> [WHAT THIS TASK INVOLVES] Exclude the pictures, then repeat exactly each line from the one containing "Download the PDF" to the final line of the records that follow.

> [Recorded data]
* * *

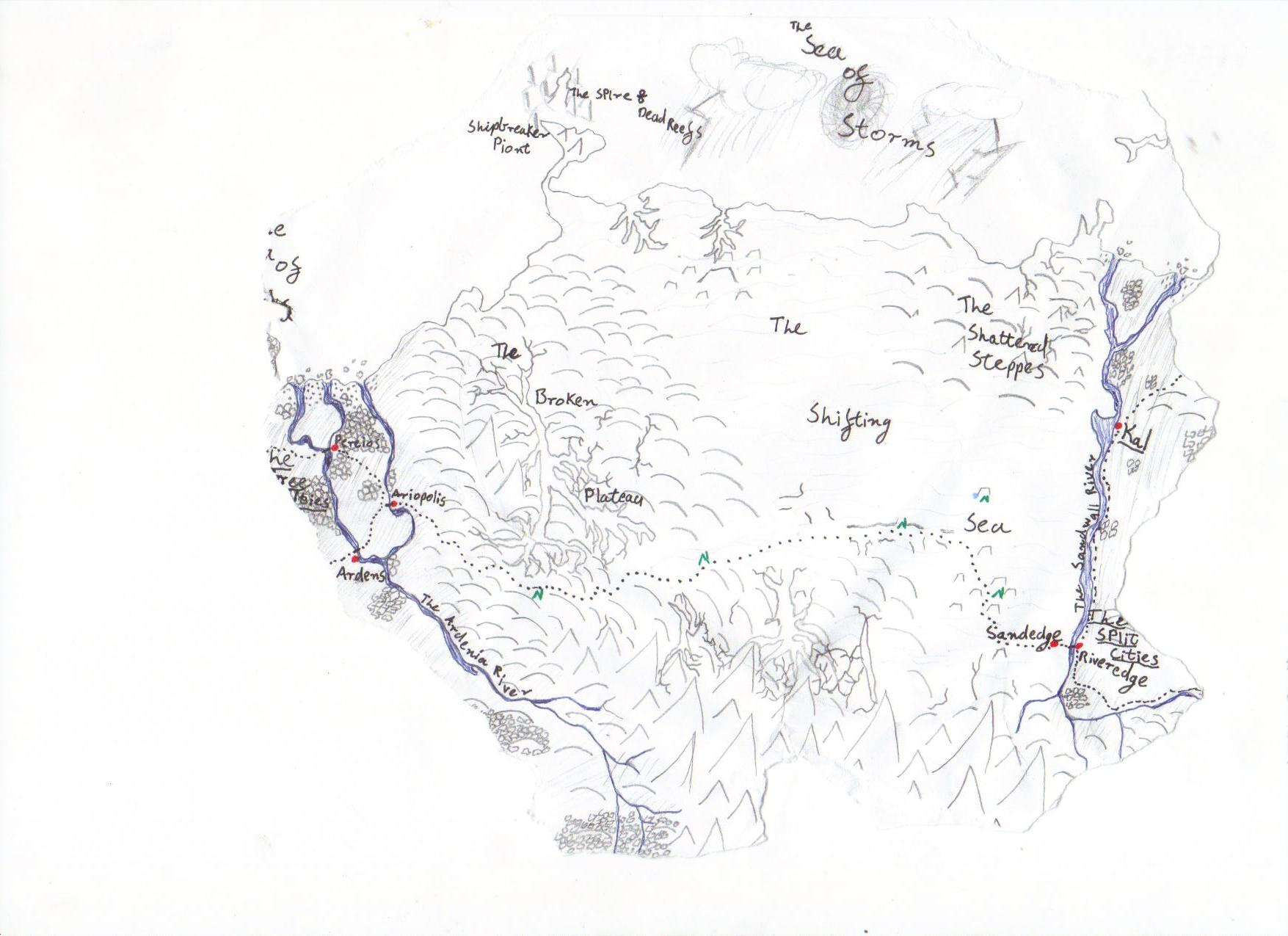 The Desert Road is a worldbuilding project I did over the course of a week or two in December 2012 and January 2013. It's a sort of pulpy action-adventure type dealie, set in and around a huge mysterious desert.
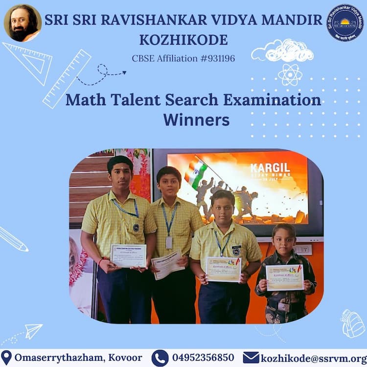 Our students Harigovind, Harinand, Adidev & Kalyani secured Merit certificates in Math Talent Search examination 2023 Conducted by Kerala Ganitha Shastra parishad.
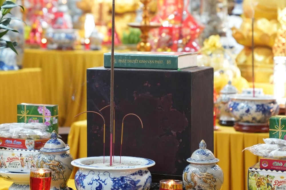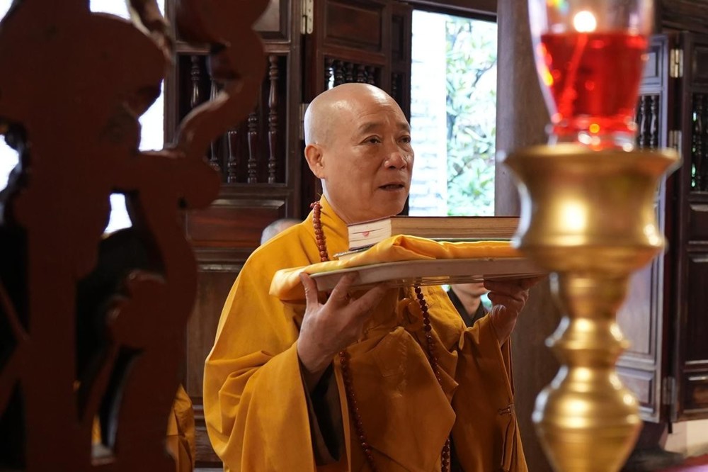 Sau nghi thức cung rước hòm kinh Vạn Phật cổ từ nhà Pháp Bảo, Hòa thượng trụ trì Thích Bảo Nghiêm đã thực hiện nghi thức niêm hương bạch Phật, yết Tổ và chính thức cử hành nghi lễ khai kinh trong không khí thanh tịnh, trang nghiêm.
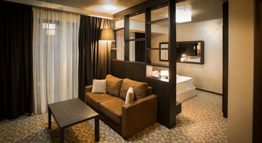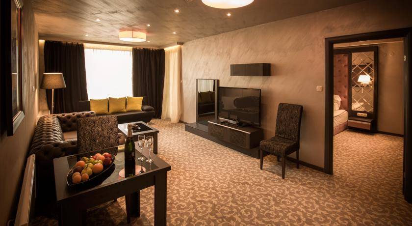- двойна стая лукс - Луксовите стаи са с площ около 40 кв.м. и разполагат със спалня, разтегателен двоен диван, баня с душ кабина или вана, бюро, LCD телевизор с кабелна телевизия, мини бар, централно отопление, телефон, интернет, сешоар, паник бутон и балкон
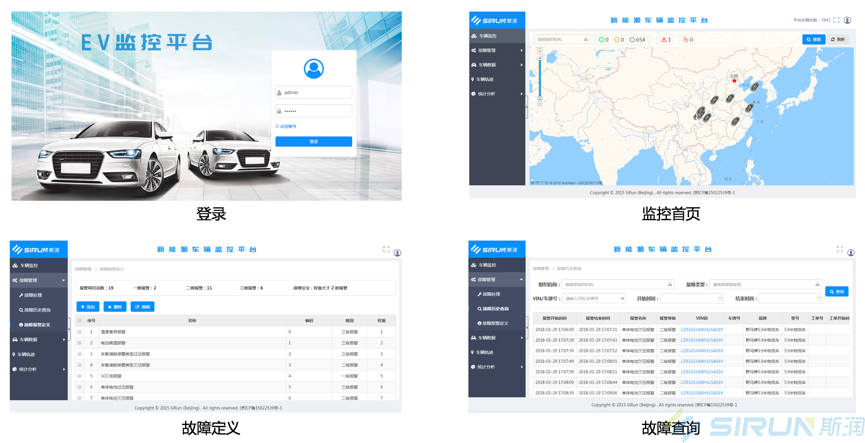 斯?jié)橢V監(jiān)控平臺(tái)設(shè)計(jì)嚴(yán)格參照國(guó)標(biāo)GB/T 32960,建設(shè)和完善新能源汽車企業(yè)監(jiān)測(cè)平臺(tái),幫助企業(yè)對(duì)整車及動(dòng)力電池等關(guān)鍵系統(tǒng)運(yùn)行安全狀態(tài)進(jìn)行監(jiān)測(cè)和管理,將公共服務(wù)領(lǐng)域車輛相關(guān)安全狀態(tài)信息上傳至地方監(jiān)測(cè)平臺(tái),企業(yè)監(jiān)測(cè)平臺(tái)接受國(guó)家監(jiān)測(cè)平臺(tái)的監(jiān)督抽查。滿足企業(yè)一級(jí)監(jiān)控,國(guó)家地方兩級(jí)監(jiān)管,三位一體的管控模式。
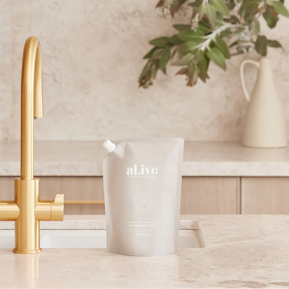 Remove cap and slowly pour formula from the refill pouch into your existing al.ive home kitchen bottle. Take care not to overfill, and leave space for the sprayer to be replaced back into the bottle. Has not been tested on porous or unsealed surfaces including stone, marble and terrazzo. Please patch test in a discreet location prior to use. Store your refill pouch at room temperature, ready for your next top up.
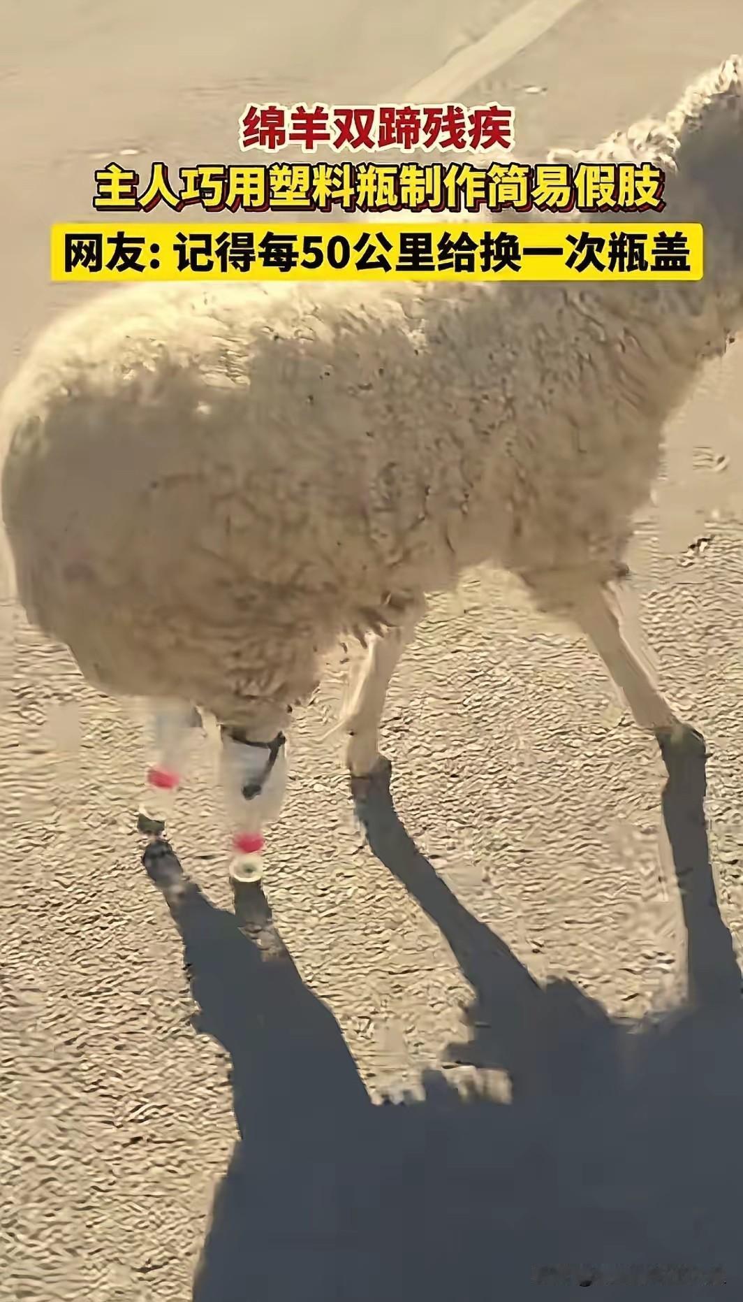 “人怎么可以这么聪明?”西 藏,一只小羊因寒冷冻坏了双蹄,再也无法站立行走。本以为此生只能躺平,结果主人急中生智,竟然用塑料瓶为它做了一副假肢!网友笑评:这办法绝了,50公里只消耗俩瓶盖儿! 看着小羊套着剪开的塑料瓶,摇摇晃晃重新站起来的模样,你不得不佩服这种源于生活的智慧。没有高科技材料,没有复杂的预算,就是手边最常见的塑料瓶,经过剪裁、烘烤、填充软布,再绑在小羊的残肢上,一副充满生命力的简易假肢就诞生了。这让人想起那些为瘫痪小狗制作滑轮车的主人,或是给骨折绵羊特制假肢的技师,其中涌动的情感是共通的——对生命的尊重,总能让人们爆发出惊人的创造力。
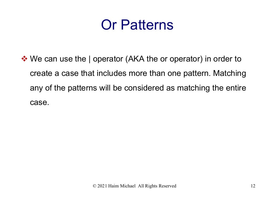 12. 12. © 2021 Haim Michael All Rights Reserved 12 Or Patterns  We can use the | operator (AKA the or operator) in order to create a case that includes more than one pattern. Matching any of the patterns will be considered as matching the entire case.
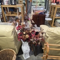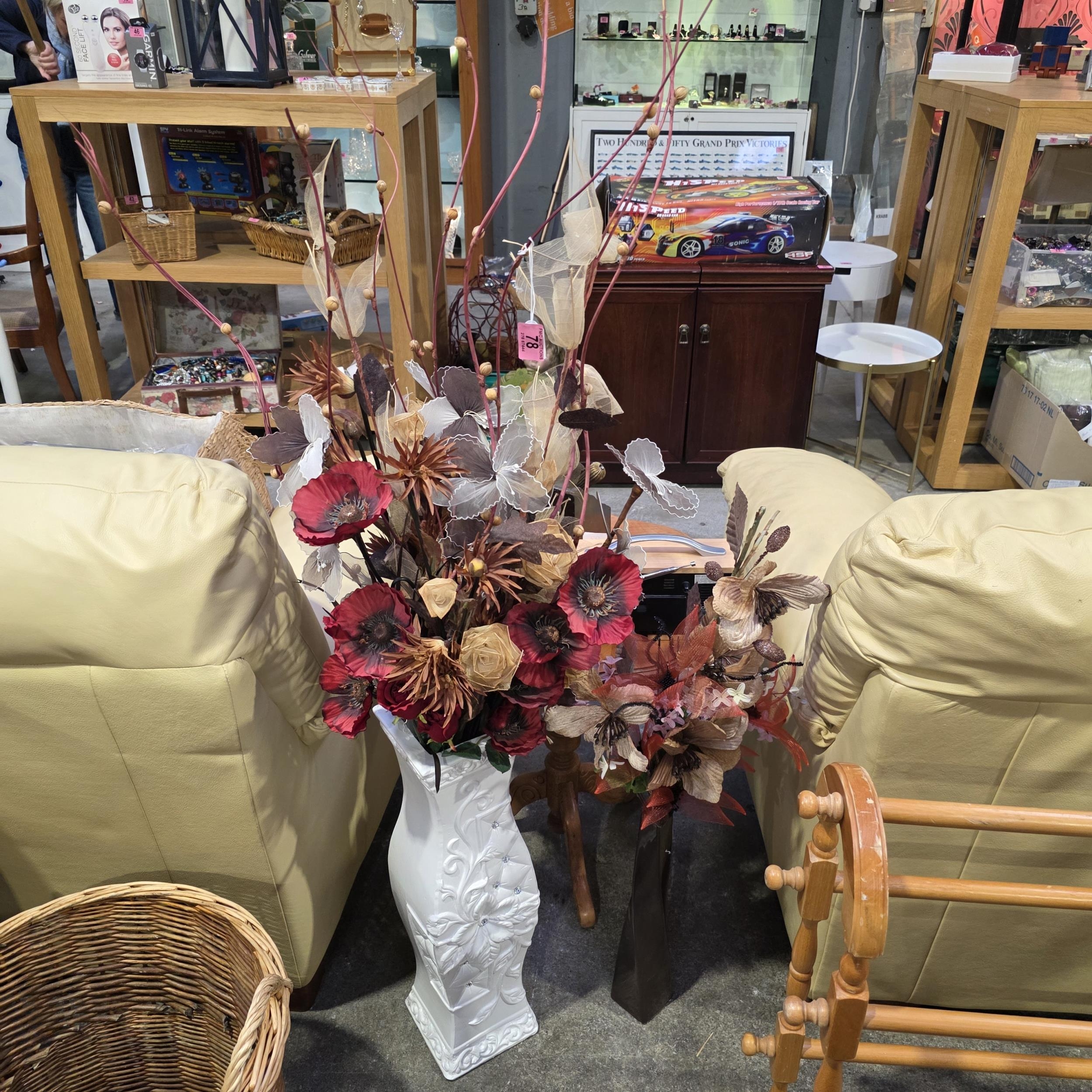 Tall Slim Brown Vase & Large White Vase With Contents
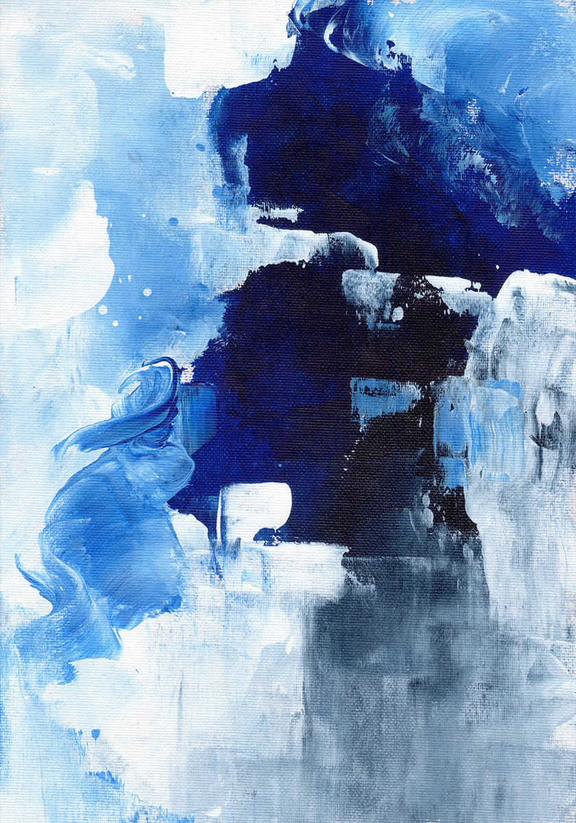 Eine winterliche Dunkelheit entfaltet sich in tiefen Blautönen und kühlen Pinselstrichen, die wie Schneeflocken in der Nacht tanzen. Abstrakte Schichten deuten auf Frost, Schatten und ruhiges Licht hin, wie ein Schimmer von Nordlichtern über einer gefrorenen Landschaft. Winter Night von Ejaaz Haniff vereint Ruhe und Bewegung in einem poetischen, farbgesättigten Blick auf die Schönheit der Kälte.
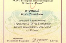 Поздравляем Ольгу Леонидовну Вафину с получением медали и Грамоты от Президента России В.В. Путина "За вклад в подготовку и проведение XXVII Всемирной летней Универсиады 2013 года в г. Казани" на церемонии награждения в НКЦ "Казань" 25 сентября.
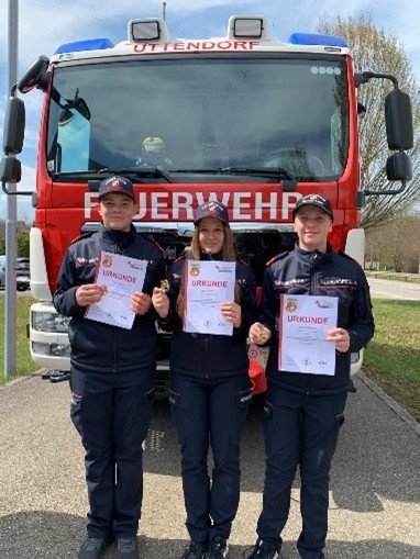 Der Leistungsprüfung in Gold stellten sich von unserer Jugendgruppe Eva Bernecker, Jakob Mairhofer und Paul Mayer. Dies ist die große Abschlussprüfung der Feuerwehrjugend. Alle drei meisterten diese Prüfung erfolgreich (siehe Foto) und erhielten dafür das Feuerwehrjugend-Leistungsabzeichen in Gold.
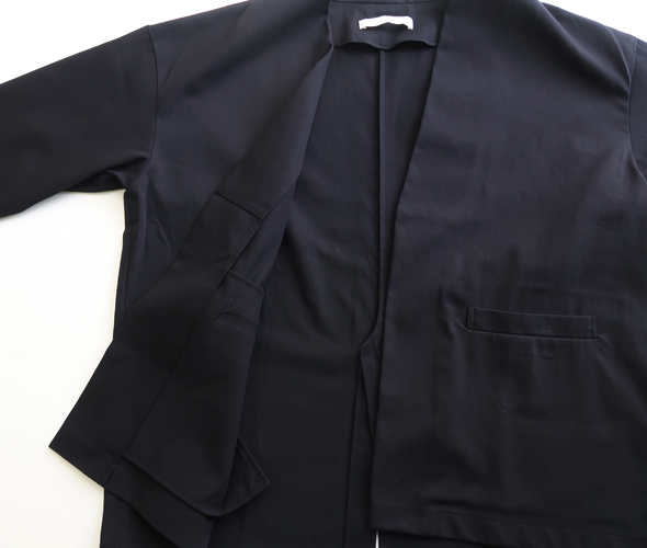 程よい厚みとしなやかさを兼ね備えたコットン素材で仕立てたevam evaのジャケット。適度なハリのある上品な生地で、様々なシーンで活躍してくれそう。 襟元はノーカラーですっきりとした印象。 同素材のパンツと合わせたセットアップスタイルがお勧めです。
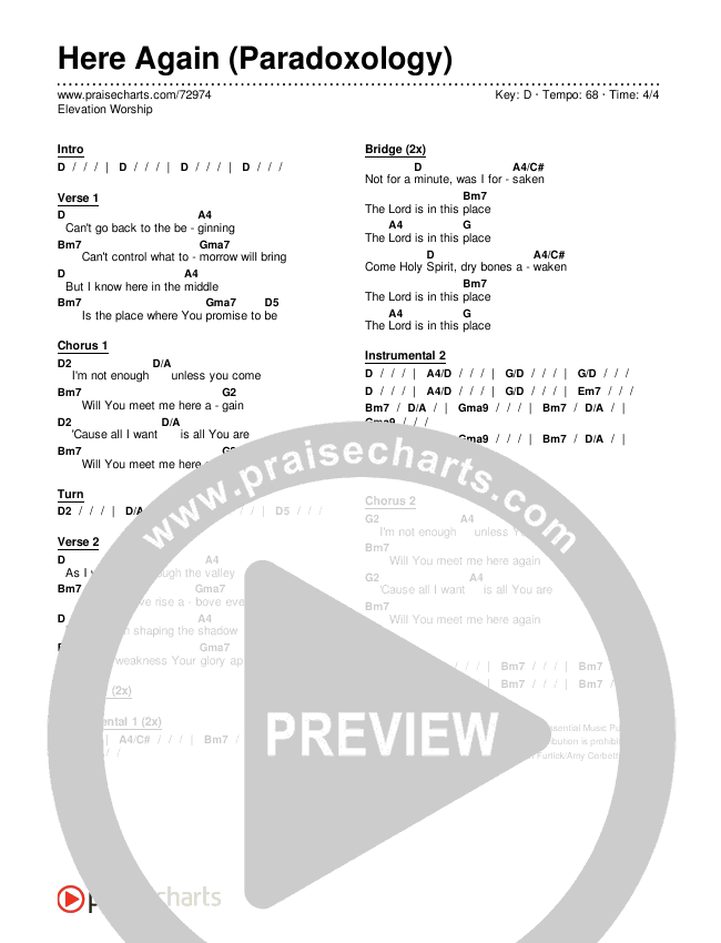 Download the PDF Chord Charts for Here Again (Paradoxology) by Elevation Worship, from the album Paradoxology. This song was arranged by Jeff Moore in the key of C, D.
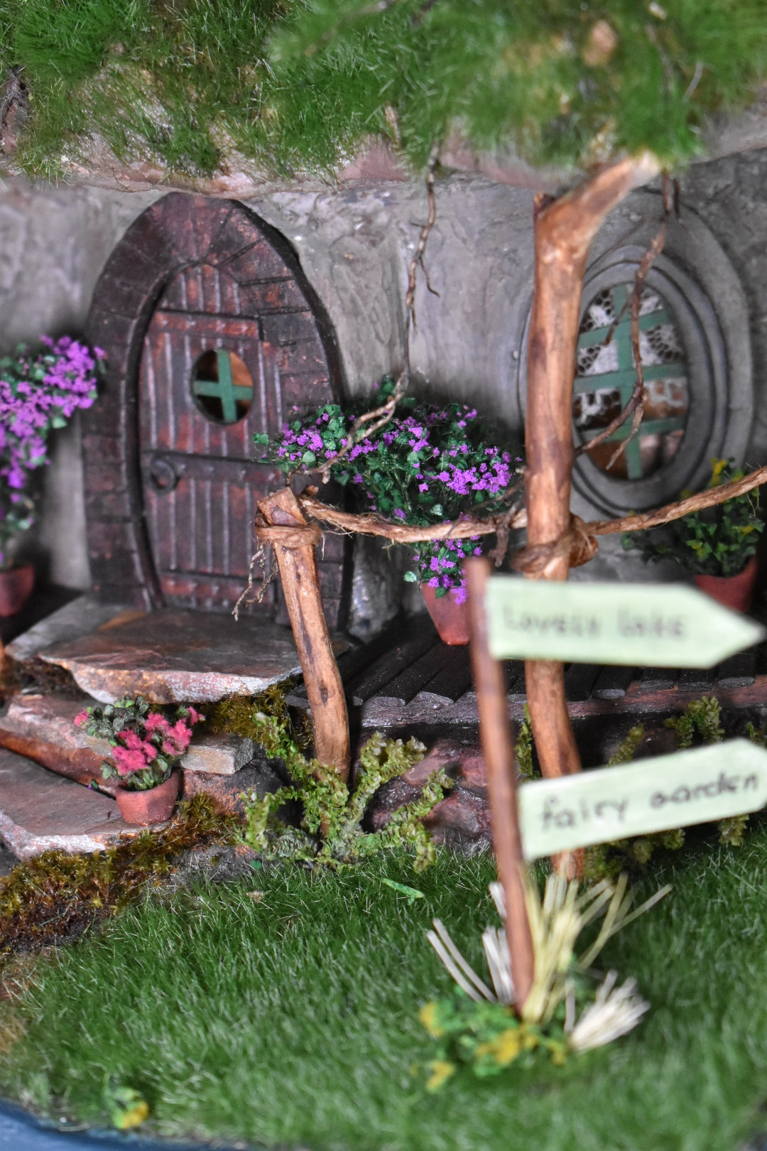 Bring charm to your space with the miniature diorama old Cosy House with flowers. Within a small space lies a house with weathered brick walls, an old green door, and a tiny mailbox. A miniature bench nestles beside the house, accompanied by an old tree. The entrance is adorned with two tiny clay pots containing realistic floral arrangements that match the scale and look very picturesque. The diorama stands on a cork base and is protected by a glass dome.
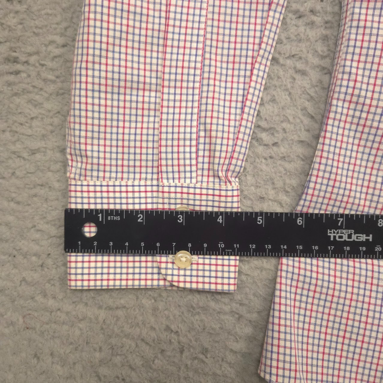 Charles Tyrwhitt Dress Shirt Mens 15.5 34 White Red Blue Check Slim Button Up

* * *

> [EXERCISE RESPONSE]
 Download the PDF Chord Charts for Here Again (Paradoxology) by Elevation Worship, from the album Paradoxology. This song was arranged by Jeff Moore in the key of C, D.
 Bring charm to your space with the miniature diorama old Cosy House with flowers. Within a small space lies a house with weathered brick walls, an old green door, and a tiny mailbox. A miniature bench nestles beside the house, accompanied by an old tree. The entrance is adorned with two tiny clay pots containing realistic floral arrangements that match the scale and look very picturesque. The diorama stands on a cork base and is protected by a glass dome.
 Charles Tyrwhitt Dress Shirt Mens 15.5 34 White Red Blue Check Slim Button Up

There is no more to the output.